## HOW TO COMPLETE THIS TASK
Within the entries below, output exactly the lines between the line containing "Paul Parkman Men's" and the line containing "近日,由龍元集團生態成員單位", inclusive, and omit any picture.

## SOURCE RECORDS

___

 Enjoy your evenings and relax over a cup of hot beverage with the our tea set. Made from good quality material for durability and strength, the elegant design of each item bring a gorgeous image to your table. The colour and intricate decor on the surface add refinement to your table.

___

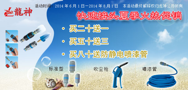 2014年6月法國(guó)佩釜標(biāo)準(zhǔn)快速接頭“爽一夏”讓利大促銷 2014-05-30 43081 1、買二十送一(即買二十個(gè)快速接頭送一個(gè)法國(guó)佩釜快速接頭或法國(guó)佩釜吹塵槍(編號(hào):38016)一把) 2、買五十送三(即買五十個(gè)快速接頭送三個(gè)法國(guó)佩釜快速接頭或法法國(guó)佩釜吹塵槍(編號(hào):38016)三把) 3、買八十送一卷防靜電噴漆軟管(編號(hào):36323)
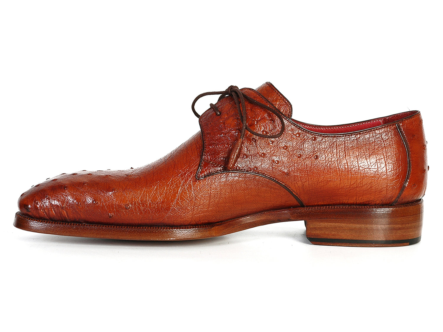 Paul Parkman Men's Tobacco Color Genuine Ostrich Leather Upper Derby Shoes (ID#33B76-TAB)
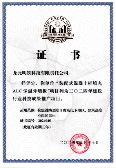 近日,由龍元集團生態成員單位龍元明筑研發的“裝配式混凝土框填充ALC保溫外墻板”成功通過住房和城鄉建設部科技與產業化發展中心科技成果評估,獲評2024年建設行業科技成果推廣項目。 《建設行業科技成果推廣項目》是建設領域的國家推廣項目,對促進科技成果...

___

## EXERCISE OUTPUT
 Paul Parkman Men's Tobacco Color Genuine Ostrich Leather Upper Derby Shoes (ID#33B76-TAB)
 近日,由龍元集團生態成員單位龍元明筑研發的“裝配式混凝土框填充ALC保溫外墻板”成功通過住房和城鄉建設部科技與產業化發展中心科技成果評估,獲評2024年建設行業科技成果推廣項目。 《建設行業科技成果推廣項目》是建設領域的國家推廣項目,對促進科技成果...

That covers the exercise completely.